Respiratory Flashcards
What is acute bronchitis?
Acute bronchitis is defined as a lower respiratory tract infection which causes inflammation in the bronchial airways.
It is a clinical diagnosis characterized by cough resulting from acute inflammation of the trachea and large airways but with no evidence of pneumonia.
What are the causes of acute bronchitis?
Acute bronchitis is usually caused by a viral infection. The most common viruses associated with acute bronchitis include
-rhinovirus,
-enterovirus,
-influenza A and B,
-parainfluenza,
-coronavirus,
-human metapneumovirus,
-respiratory syncytial virus, and adenovirus.
Bacteria are detected in between 1 in 100 and 1 in 10 cases, including
-Streptococcus pneumoniae,
-Haemophilus influenzae, and
-Moraxella catarrhalis.
What is the prognosis and what are the complications for acute bronchitis?
Is usually a mild, self-limiting illness.
The cough usually lasts about two to three weeks. Most people recover fully with no residual symptoms after an episode of acute bronchitis.
Around a quarter of people will have a cough for more than 4 weeks, and in some, cough will persist for up to 6 months (post-bronchitis syndrome).
Pneumonia may occur as a complication of acute bronchitis, particularly in older people.

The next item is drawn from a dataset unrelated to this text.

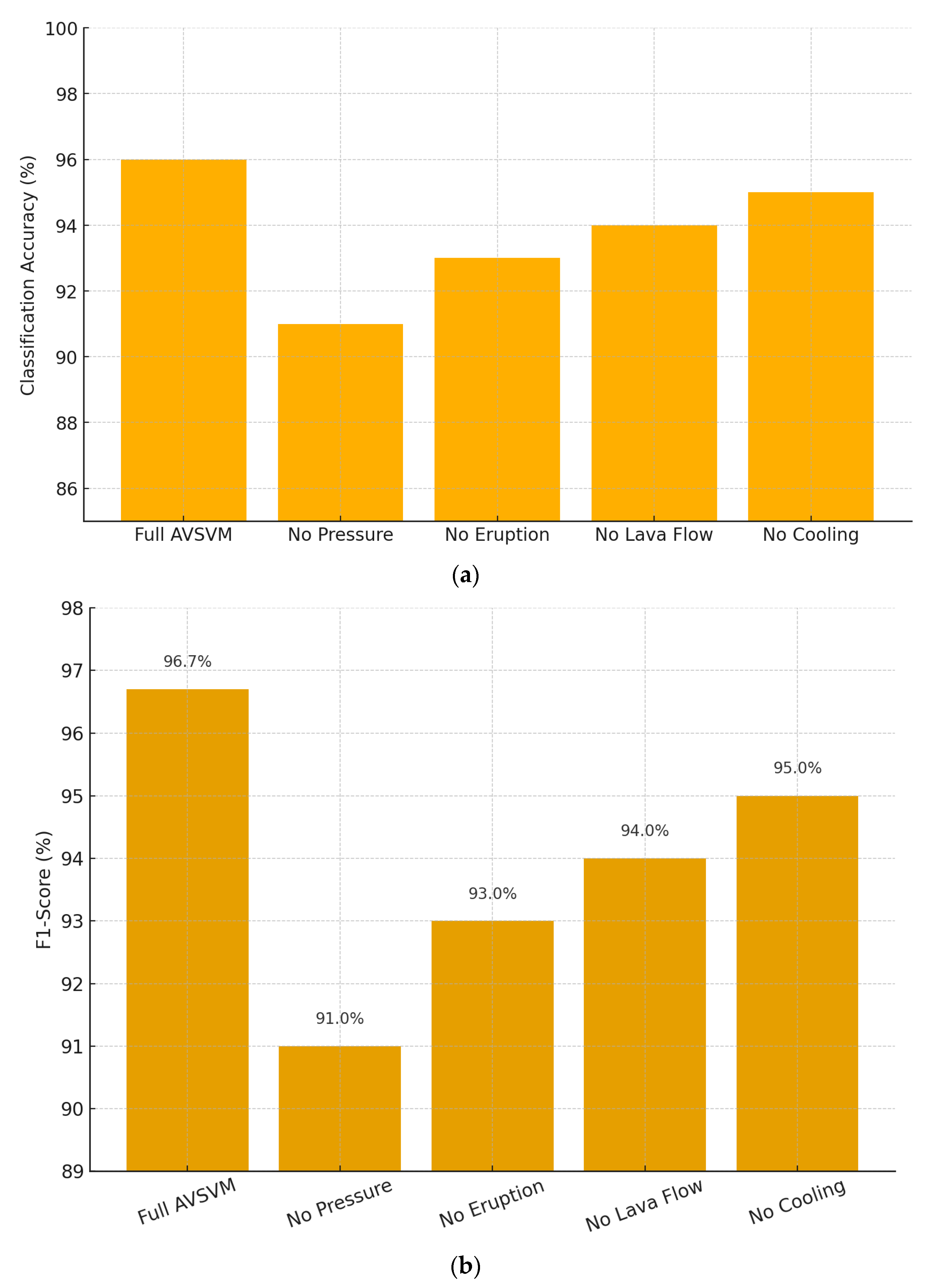 Removing the pressure function yields the largest performance drop, with accuracy falling from 96% down to 91%. This indicates that monitoring and acting upon the “pressure” of support vectors during training is critical to AVSVM’s ability to correctly classify malware samples. Without this component, the model loses much of its adaptive capacity, resulting in misclassification of boundary instances. Disabling the eruption operator reduces accuracy to 93%. The eruption step introduces strategic perturbations that help the classifier escape local minima in the decision boundary; without it, the algorithm still benefits from lava flow adjustments and cooling, but its exploration is less effective. Omitting the lava flow mechanism (accuracy: 94%) shows a smaller but still noticeable impact. Lava flow refines near-boundary samples by nudging them toward their class centers, sharpening the decision boundary. Its absence slightly degrades classification by leaving more ambiguous instances near the margin. Finally, skipping the cooling schedule yields a marginal drop to 95% as shown in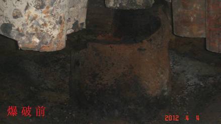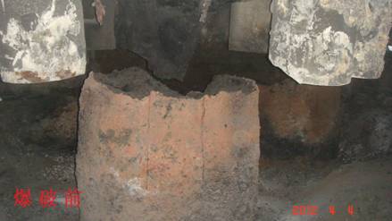 兗州中材建設有限公司云維項目部 實施石墨電極分解爆破 4月4日,應云維乙炔化工有限公司(業(yè)主)要求,我項目部對其廠區(qū)1#電石爐內石墨電極成功實施分解爆破。 本次爆破點位于業(yè)主電石車間二層電石爐內,技術人員和安全員經現(xiàn)場勘查發(fā)現(xiàn):石墨電極為直徑1.2m、高約1.5m的圓柱狀石墨體,從中心呈輻射狀均勻分布12塊約1cm厚鋼板。三個電極呈“品”字狀分布在一個直徑約7~8米的幾乎密閉的鋼制反應爐內(有洞口)。爆前充分勘察了爆區(qū)周圍的實際情況,結合從網絡上搜集的對石墨電極的性能分析和以往的爆破經驗,選用合適的爆破器材,擬定了幾種爆破方案。充分分析爆破方案的可行性后,選擇其中可行性較高的兩種方案進行了試爆,結合兩次試爆效果,經調整爆破參數(shù)后,最終成功拆除。 本次爆破對僅隔約10米遠、正在生產的2#爐和庫房未產生任何影響。 這次爆破工作雖小,但我們本著謹慎、科學的態(tài)度對待。從爆破參數(shù)的選擇到安全警戒都認真小心,取得了預想的效果。 通過這次爆破,積累了對巖石以外材料的爆破經驗,也增加了我項目部尤其是年輕人工作技能。也到了業(yè)主的認可。 孟永旺

What is the pathophysiology of acute bronchitis?
The symptoms of acute bronchitis are due to acute inflammation of the bronchial wall, which causes increased mucus production together with oedema of the bronchus. This leads to the productive cough that is the hallmark of a lower respiratory tract infection. While the infection may clear in several days, repair of the bronchial wall may take several weeks. During the period of repair, patients will continue to cough. Pulmonary function studies of patients with acute bronchitis demonstrate bronchial obstruction similar to that in asthma. As the symptoms of acute bronchitis abate, pulmonary function returns to normal.
Half of all patients with acute bronchitis continue to cough for >2 weeks. In a quarter of patients, cough may last for >1 month. This is termed post-bronchitis syndrome. This period probably reflects ongoing repair to the bronchial walls after the clearance of the acute infection.
How does acute bronchitis typically present?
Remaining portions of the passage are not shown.